Work to be completed
Below is a set of records. Repeat them verbatim without the pictures.

Available data
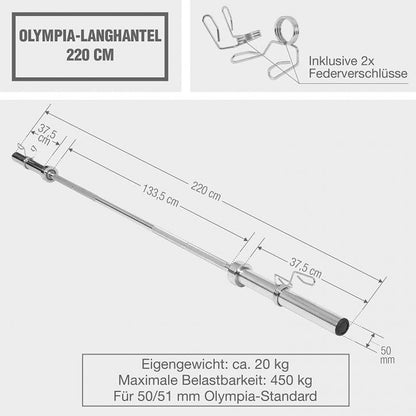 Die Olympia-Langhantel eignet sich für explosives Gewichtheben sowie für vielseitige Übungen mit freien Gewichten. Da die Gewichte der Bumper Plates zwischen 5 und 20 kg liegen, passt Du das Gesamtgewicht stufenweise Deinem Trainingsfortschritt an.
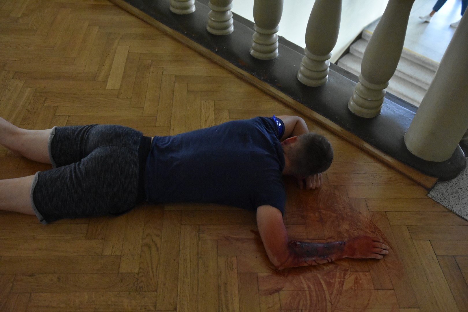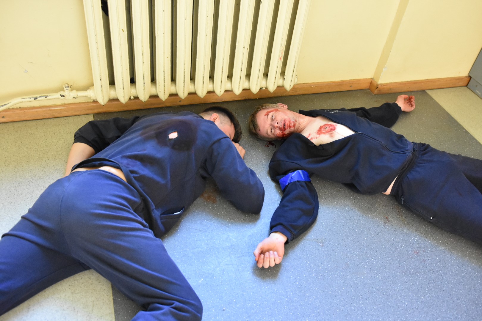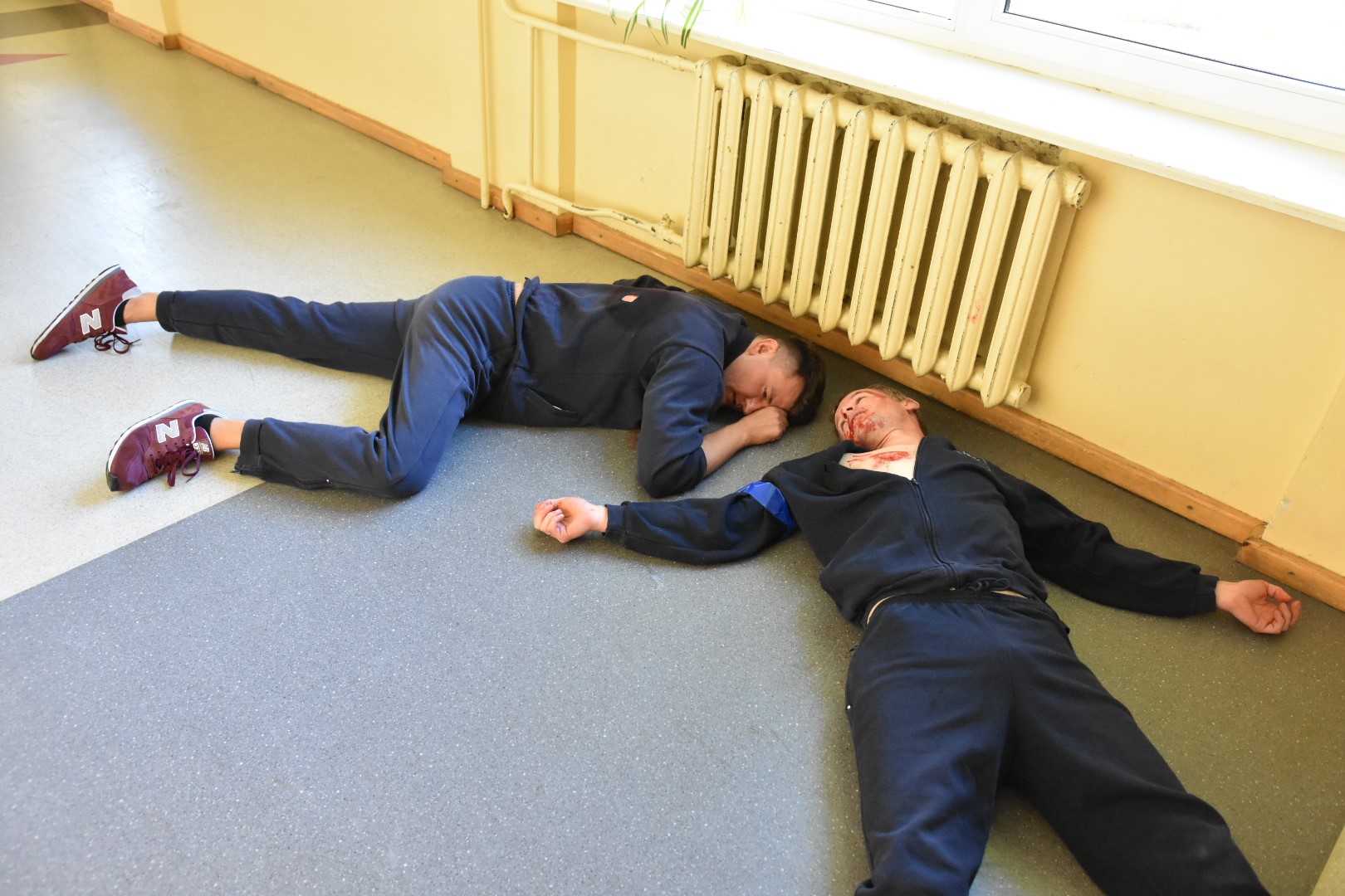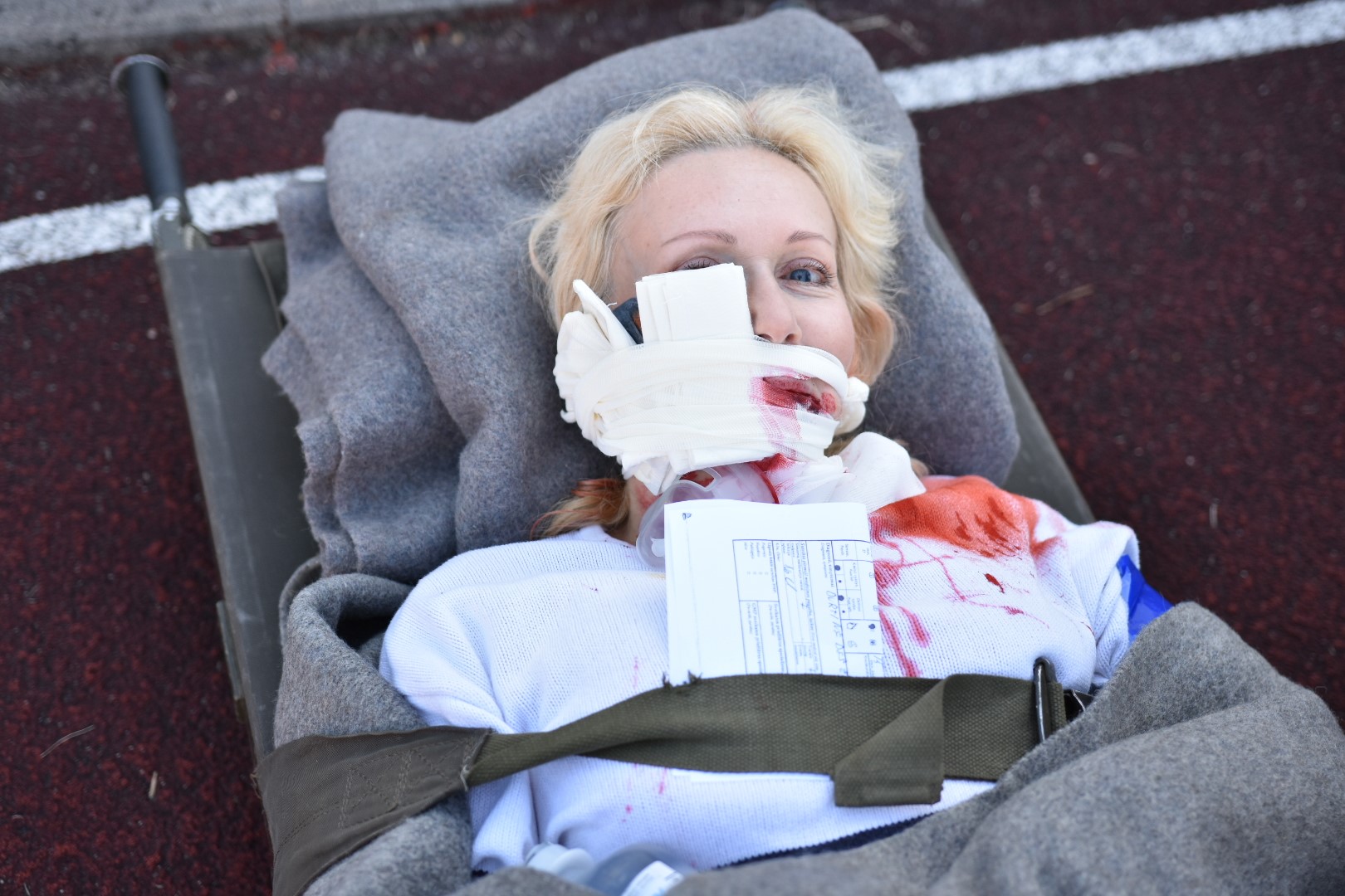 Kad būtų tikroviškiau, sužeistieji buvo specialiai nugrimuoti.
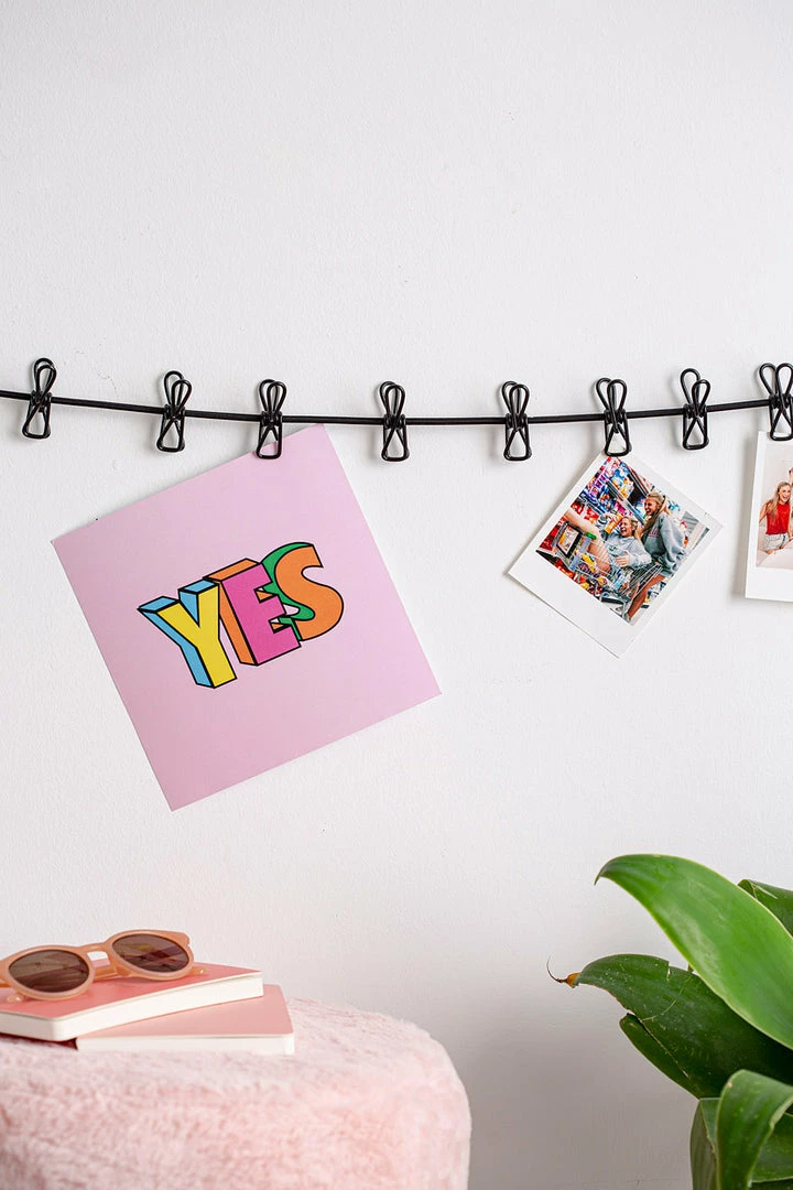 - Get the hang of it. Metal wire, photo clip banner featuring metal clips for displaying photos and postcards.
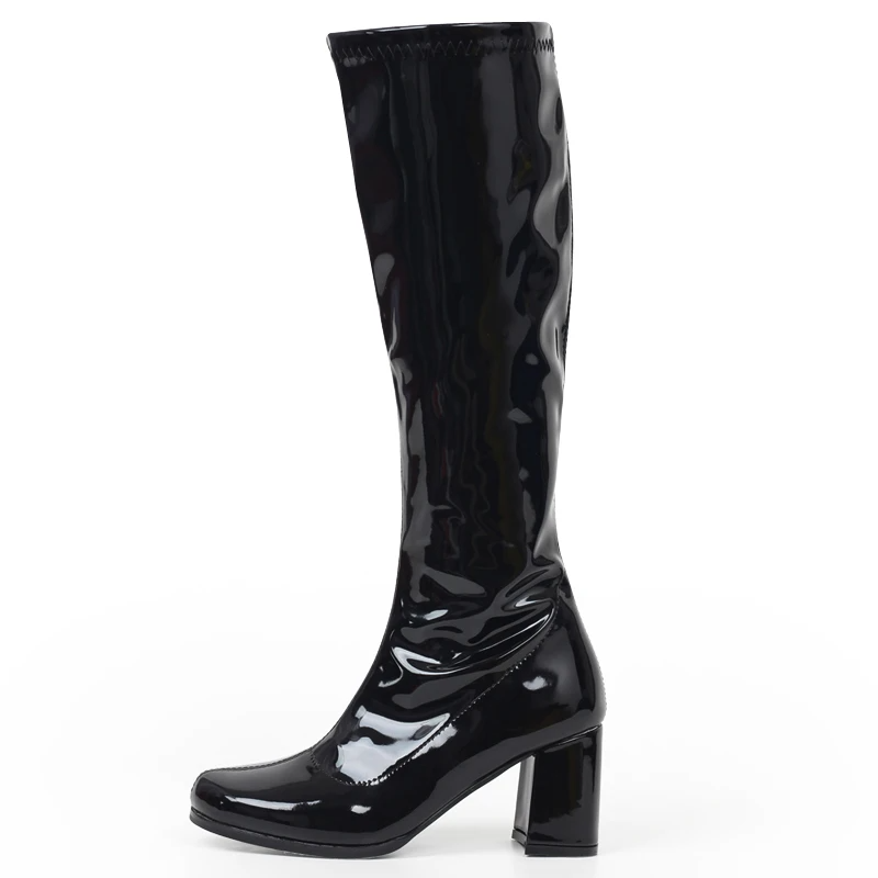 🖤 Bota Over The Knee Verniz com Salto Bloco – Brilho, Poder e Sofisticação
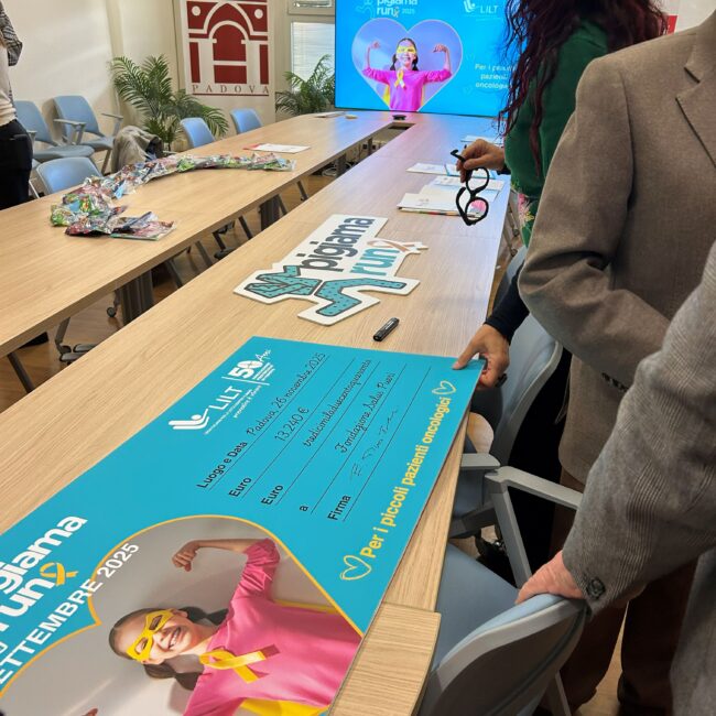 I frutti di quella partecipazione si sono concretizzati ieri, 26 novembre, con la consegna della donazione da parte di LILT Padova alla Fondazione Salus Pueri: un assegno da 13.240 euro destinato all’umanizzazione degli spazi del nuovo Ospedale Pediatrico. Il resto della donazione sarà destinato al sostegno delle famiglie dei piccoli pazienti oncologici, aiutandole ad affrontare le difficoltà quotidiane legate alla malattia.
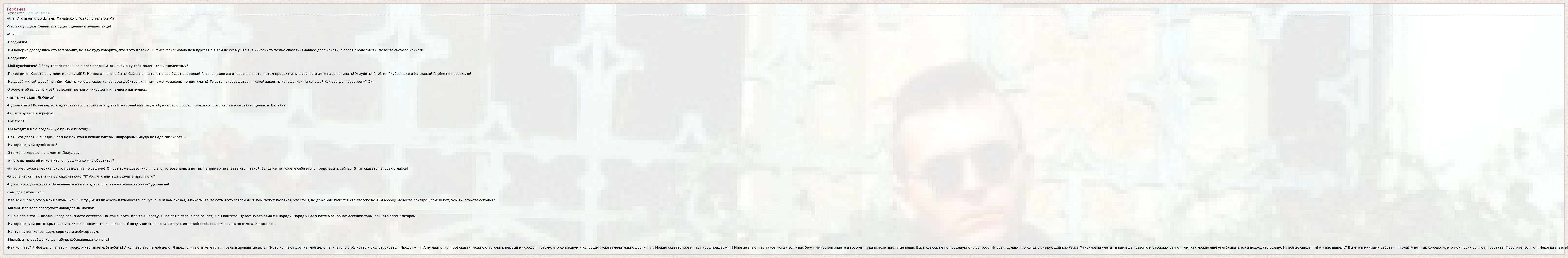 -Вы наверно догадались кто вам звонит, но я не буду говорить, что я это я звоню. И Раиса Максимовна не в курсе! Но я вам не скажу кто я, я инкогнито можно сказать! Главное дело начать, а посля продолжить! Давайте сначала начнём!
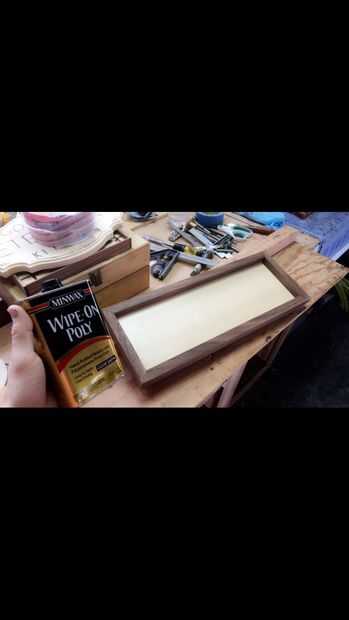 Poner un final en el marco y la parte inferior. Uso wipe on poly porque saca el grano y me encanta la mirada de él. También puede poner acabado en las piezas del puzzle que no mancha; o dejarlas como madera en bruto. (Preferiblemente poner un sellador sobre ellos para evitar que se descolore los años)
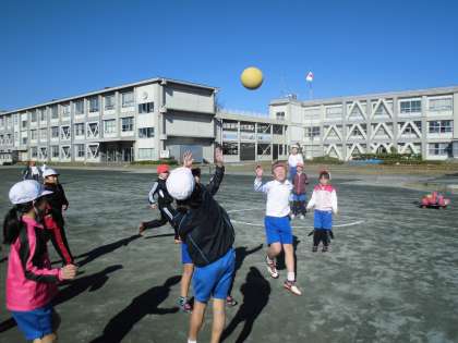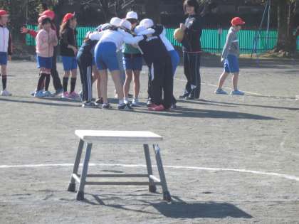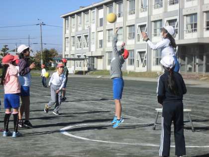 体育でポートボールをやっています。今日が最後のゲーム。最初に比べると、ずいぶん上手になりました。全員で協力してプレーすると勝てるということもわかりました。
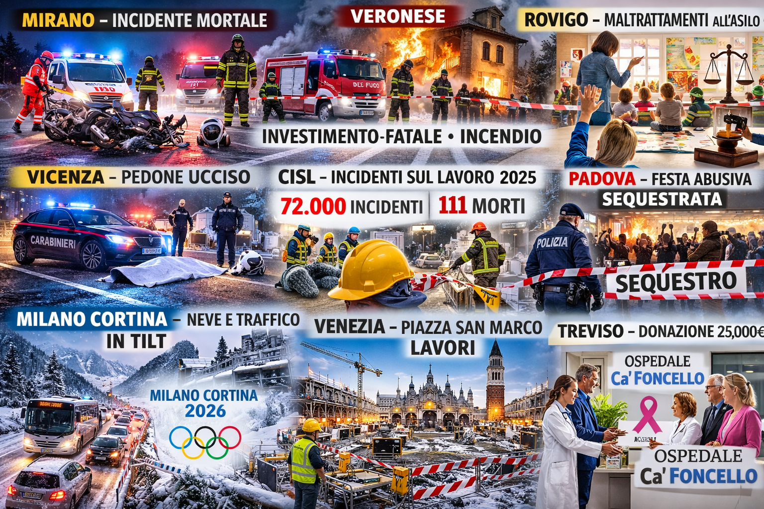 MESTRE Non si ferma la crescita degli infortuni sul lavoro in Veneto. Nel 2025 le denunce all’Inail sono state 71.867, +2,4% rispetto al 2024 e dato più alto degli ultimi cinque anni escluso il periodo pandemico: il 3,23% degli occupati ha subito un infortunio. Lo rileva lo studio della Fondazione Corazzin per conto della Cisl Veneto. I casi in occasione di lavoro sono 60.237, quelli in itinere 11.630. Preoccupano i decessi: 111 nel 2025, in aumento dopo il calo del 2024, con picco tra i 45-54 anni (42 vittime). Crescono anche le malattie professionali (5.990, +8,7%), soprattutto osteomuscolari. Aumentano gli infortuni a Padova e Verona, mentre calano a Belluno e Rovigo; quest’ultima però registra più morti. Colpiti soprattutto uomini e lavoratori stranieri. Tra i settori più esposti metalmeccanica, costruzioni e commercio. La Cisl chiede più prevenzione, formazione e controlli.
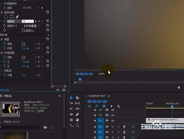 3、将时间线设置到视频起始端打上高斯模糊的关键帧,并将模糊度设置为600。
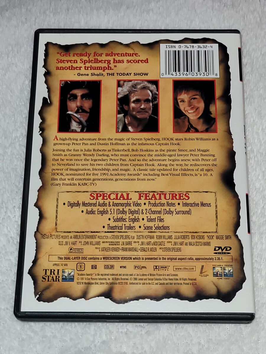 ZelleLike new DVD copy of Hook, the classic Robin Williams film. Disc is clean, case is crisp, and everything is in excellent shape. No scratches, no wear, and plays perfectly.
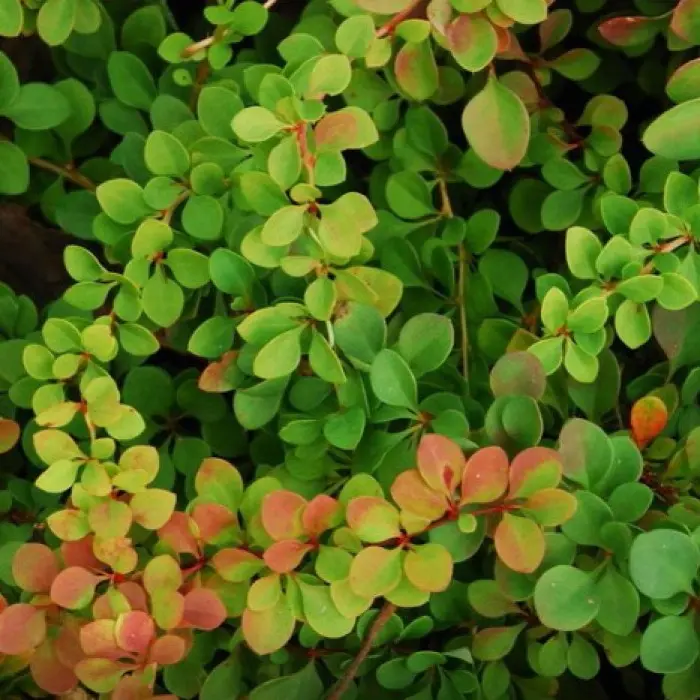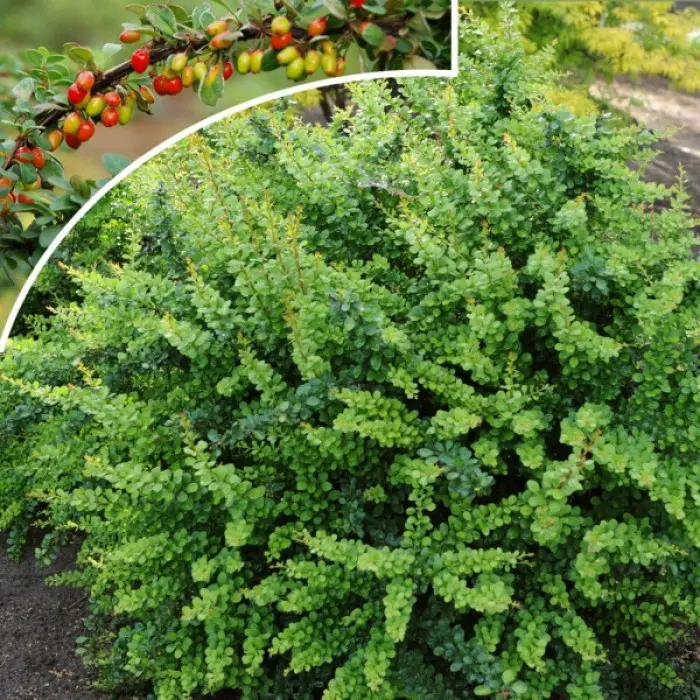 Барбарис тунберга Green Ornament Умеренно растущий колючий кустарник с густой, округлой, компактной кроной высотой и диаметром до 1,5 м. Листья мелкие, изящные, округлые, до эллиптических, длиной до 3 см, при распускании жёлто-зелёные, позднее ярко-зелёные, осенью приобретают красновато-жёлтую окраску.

Solution below
 Die Olympia-Langhantel eignet sich für explosives Gewichtheben sowie für vielseitige Übungen mit freien Gewichten. Da die Gewichte der Bumper Plates zwischen 5 und 20 kg liegen, passt Du das Gesamtgewicht stufenweise Deinem Trainingsfortschritt an.
 Kad būtų tikroviškiau, sužeistieji buvo specialiai nugrimuoti.
 - Get the hang of it. Metal wire, photo clip banner featuring metal clips for displaying photos and postcards.
 🖤 Bota Over The Knee Verniz com Salto Bloco – Brilho, Poder e Sofisticação
 I frutti di quella partecipazione si sono concretizzati ieri, 26 novembre, con la consegna della donazione da parte di LILT Padova alla Fondazione Salus Pueri: un assegno da 13.240 euro destinato all’umanizzazione degli spazi del nuovo Ospedale Pediatrico. Il resto della donazione sarà destinato al sostegno delle famiglie dei piccoli pazienti oncologici, aiutandole ad affrontare le difficoltà quotidiane legate alla malattia.
 -Вы наверно догадались кто вам звонит, но я не буду говорить, что я это я звоню. И Раиса Максимовна не в курсе! Но я вам не скажу кто я, я инкогнито можно сказать! Главное дело начать, а посля продолжить! Давайте сначала начнём!
 Poner un final en el marco y la parte inferior. Uso wipe on poly porque saca el grano y me encanta la mirada de él. También puede poner acabado en las piezas del puzzle que no mancha; o dejarlas como madera en bruto. (Preferiblemente poner un sellador sobre ellos para evitar que se descolore los años)
 体育でポートボールをやっています。今日が最後のゲーム。最初に比べると、ずいぶん上手になりました。全員で協力してプレーすると勝てるということもわかりました。
 MESTRE Non si ferma la crescita degli infortuni sul lavoro in Veneto. Nel 2025 le denunce all’Inail sono state 71.867, +2,4% rispetto al 2024 e dato più alto degli ultimi cinque anni escluso il periodo pandemico: il 3,23% degli occupati ha subito un infortunio. Lo rileva lo studio della Fondazione Corazzin per conto della Cisl Veneto. I casi in occasione di lavoro sono 60.237, quelli in itinere 11.630. Preoccupano i decessi: 111 nel 2025, in aumento dopo il calo del 2024, con picco tra i 45-54 anni (42 vittime). Crescono anche le malattie professionali (5.990, +8,7%), soprattutto osteomuscolari. Aumentano gli infortuni a Padova e Verona, mentre calano a Belluno e Rovigo; quest’ultima però registra più morti. Colpiti soprattutto uomini e lavoratori stranieri. Tra i settori più esposti metalmeccanica, costruzioni e commercio. La Cisl chiede più prevenzione, formazione e controlli.
 3、将时间线设置到视频起始端打上高斯模糊的关键帧,并将模糊度设置为600。
 ZelleLike new DVD copy of Hook, the classic Robin Williams film. Disc is clean, case is crisp, and everything is in excellent shape. No scratches, no wear, and plays perfectly.
 Барбарис тунберга Green Ornament Умеренно растущий колючий кустарник с густой, округлой, компактной кроной высотой и диаметром до 1,5 м. Листья мелкие, изящные, округлые, до эллиптических, длиной до 3 см, при распускании жёлто-зелёные, позднее ярко-зелёные, осенью приобретают красновато-жёлтую окраску.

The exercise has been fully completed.